Worm containment must be automatic because worms can spread too fast for humans to respond. Recent work proposed network-level techniques to automate worm containment; these techniques have limitations because there is no information about the vulnerabilities exploited by worms at the network level. We propose Vigilante, a new end-to-end architecture to contain worms automatically that addresses these limitations.

In Vigilante, hosts detect worms by instrumenting vulnerable programs to analyze infection attempts. We introduce dynamic data-flow analysis: a broad-coverage host-based algorithm that can detect unknown worms by tracking the flow of data from network messages and disallowing unsafe uses of this data. We also show how to integrate other host-based detection mechanisms into the Vigilante architecture. Upon detection, hosts generate self-certifying alerts (SCAs), a new type of security alert that can be inexpensively verified by any vulnerable host. Using SCAs, hosts can cooperate to contain an outbreak, without having to trust each other.

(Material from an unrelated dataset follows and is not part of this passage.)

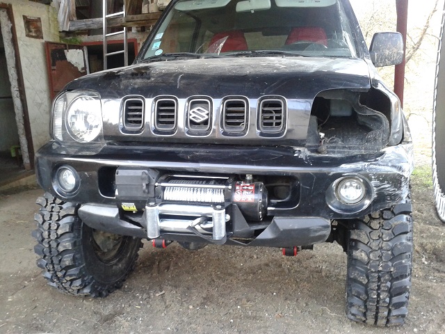 Zdravim vsetkych offakov.Po dhsom case sa treba troska pochvalit.Pribudol doma Jimny.r.v.99, 83000km,uplne bez hrdze v top stave.Troska podrastol,pribudol navijak,pneu T3 235-70-15 . Samozrejme vsetko od CB-one Prievidza. Nove ramena,domaca vyroba,v predu podlozky 10cm,vzadu struny s.felicia. Caka ma este vela uprav a casu je malo.Tak niake foto. :-D

Vigilante broadcasts SCAs over an overlay network that propagates alerts rapidly and resiliently. Hosts receiving an SCA protect themselves by generating filters with vulnerability condition slicing: an algorithm that performs dynamic analysis of the vulnerable program to identify control-flow conditions that lead to successful attacks. These filters block the worm attack and all its polymorphic mutations that follow the execution path identified by the SCA.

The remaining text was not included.